According to DGDA Director General Major General Mahbubur Rahman, "The drug will help to reduce hospitalisation and mortality rates by at least 50%."
The pandemic helped the Bangladesh pharmaceuticals industry achieve a staggering 18.56% growth in the 2020-21 fiscal year. The annual growth of the pharmaceutical industry may go as high as 15-16% this decade, which has been 12.1% for the last five years.
Beximco Pharmaceuticals, Square Pharmaceuticals, and Renata have raked in more than Tk500 crore profit among the dozens of companies listed on the country's stock market. During the pandemic, these companies all reported a sharp rise in profits.
Beximco Pharmaceuticals' profit grew by 46% in FY21. Its consolidated earnings per share (EPS) stood at Tk11.49, which was Tk7.88 in the previous fiscal year.
Officials at the company said profit increased from its organic growth of business and part of this is attributable to the income from vaccine distribution and increased cash incentive from exports. In November 2020, Bangladesh signed an agreement to buy 30 million doses of the Oxford-AstraZeneca vaccine from the Serum Institute of India (SII), the world's biggest vaccine-maker. According to the agreement, Beximco Pharmaceuticals would be the sole distributor of the vaccine, responsible for supplying the doses in Bangladesh. Some 7 million doses were supplied before India banned exports of the vaccine in the face of a lethal second wave of the virus earlier this year.

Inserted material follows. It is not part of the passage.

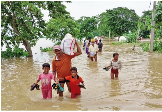
नवबिहार टाइम्स संवाददाता

पटना। जिले में गंगा और सोन नदी के जलस्तर में लगातार वृद्धि के कारण दानापुर दिवारा के निचले हिस्से में बाढ़ का पानी तेजी से फैल गया है। इस बाढ़ ने छह पंचायतों को पूरी तरह अपनी चपेट में ले लिया है। निचले इलाकों के घरों में पानी घुसने से लोग घर छोड़कर शहर की ओर पलायन करने को मजबूर हैं। इन पंचायतों का शहर मुख्यालय से संपर्क पूरी तरह टूट चुका है और नाव ही अब लोगों की एकमात्र जीवन रेखा बन गई है। जानकारी के अनुसार, दानापुर दिवारा के पानापुर, मानस, पुरानी पानापुर, हेतनपुर, पतलापुर समेत कई गांव बुरी तरह प्रभावित हैं। खेतों में लगी पूरी फसल डूब चुकी है। बाढ़ के पानी के कारण सबसे बड़ी समस्या पीने के शुद्ध पानी, भोजन और मवेशियों के चारे की हो गई है। ग्रामीण उर-सहमे हालात का सामना कर रहे हैं और सुरक्षित स्थानों की ओर पलायन कर रहे हैं। कई परिवार दानापुर शहर में बने बाढ़ राहत कैंपों में भी पहुंचने लगे हैं ताकि अपनी और अपने बच्चों की जान बचा सकें।

Square Pharmaceuticals - the industry leader - posted a 19% increase in profit in FY21 and its EPS rose to Tk17.99 from Tk15.07 in the previous year. It said in an annual declaration, the growth is in its core business. The sales of pharmaceutical products have positively affected the EPS.

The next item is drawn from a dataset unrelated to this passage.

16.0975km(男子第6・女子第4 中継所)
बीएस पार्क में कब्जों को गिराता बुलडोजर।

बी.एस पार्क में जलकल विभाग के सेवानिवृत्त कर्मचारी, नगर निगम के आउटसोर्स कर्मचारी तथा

Renata, the descendent of Pfizer Bangladesh, posted a 26% increase in profit. Its EPS rose to Tk51.94 from Tk41.14 in the previous year.
Orion Pharma registered a 41% increase in profit in FY21. Its consolidated EPS rose to Tk4.1 from Tk2.84 in the previous fiscal year.
A supportive policy adopted four decades ago under the leadership of Dr Zafrullah Chowdhury together with the aspiration and talents of local entrepreneurs has created an over Tk27,000 crore pharmaceutical industry in Bangladesh, which is meeting almost the entire domestic demand alongside exporting to over 100 countries.
In a research report on the outlook for the pharmaceutical industry over the next decade, UCB Asset Management recently said the industry would reach the milestone of Tk 1 lakh crore valuation mainly riding on the growing local market demand. Alongside a local market boom, the country's pharmaceutical sector is expected to rake in over $1.5 billion or around Tk13,000 crore in export earnings per year by 2030 - almost nine times higher than $169 million earned in FY21. The outlook is certainly rosy, if you're in the pharmaceuticals industry in Bangladesh.